Pies in Brighton

Culinary discovery of the weekend was Pokeno Pies in Gardner Street, Brighton. Lovely modern, airy shop with excellent beef and mustard pies (also haddock and fennel, which Jane had, and chicken and leek for my mother in law).

Quick, friendly service with a huge chunk of mash and mushy peas. Lovely.

British and European attitudes

From the BBC.

Compare:

EU countries have come under pressure to control fuel costs amid a clamour for action from hauliers, farmers and motoring groups.

The French government announced a package of measures on Tuesday designed to ease the situation for farmers.
They will be offered tax breaks and refunds on fuel worth about 30m euros ($36.6m; €20.2m).

“The rise in fuel prices penalises farms, which cannot always pass the cost on,” Prime Minister Dominique de Villepin told a meeting of farmers in Rennes.
“We must help them.”
Similar financial assistance was announced for hauliers on Monday.
Farmers unions have said that they would study any government proposals before deciding whether to step up direct action.

With:

The British government has ruled out any direct action over fuel costs.

Chancellor Gordon Brown ruled out cuts to fuel duties, instead urging Opec members to boost production and invest in new refineries.

I’m with the British on this one.

Ashes news

A good day for England in the cricket, and the Ashes inch even closer.

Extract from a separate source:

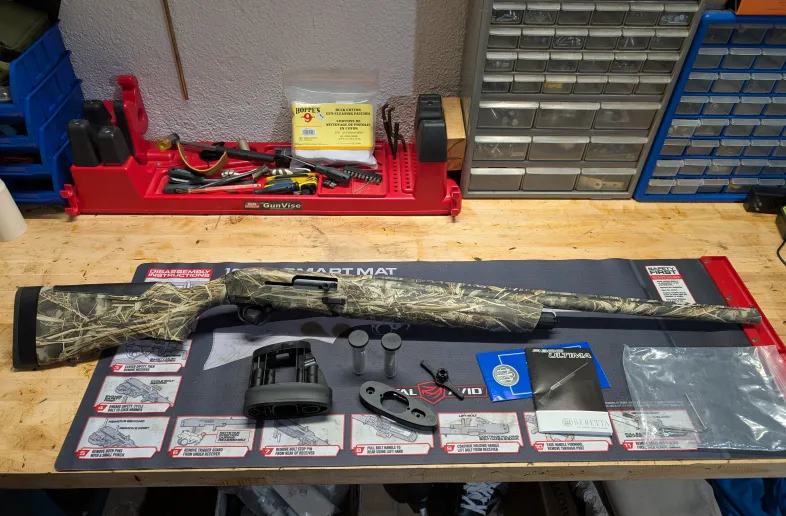 Beretta a300 ultima. Max-7 camo, 28" barrel with the kickoff recoil reduction system and the adapter to run the stock without it, it has the extended charging handle, extended bolt release and has a 3 inch chamber. The shotgun comes with 3 chokes, length of pull spacers, drop and cast shims, choke wrench and owners manual. 10/10 condition. I've owned it for a few years and only shot trap with it twice. Just don't use it enough to justify keeping it. Everything works as it should. Zero malfunctions.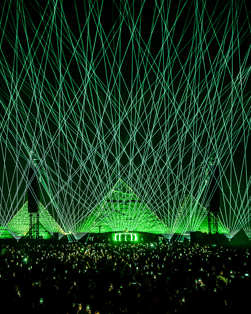 Sein Auftritt am 19. Dezember 2025 verwandelte das Plateau der Pyramiden von Gizeh in eine eindrucksvolle Freiluftbühne. Der etwa dreistündige Auftritt wurde von Medien und Zuschauern als historisches Live-Event beschrieben. Er zog mehrere Tausend Besucher aus aller Welt an. Das Abendprogramm war so geplant, dass die Show vom Sonnenuntergang bis zur nächtlichen Licht- und Lasershow perfekt zur Geltung kommen konnte.

BBC sport has the details, in a story that includes the first non-US use of ‘storied’ (meaning lots of tales rather than lots of floors) I can remember seeing.

Disastrous

The Washington Post reports that five out of eight leaders of FEMA (the emergency management agency that had such a triumph in New Orleans) had “virtually no experience” in disaster management when they were appointed.

This is – like so much about this Administration – astonishing but not surprising. The political appointment is so widespread in America, and so ill-managed in this administration, that there’s a wearying inevitability about the FEMA acting leader (the now-disgraced Michael Brown) and two of his senior officers having had ties to the Bush election campaign.

The alternative system, of life-term senior officials appointed through a career structure, has been around in the UK since the Northcote-Trevelyan report of 1854. It’s not perfect – it’s conservative, slow-moving and generally resistant to reform – but it does produce experts and permit expertise to flourish. It can, on its day, even produce a radical and innovative appointment.

The quick-change act at the top of most American governmental organisations must surely lead to demotivation and confusion in the lower reaches of the organisation. The British civil service may be frustrating, but if I were picking someone to lead on civil contingencies, I’d rather have Sir Humphrey Appleby than some random Muppet.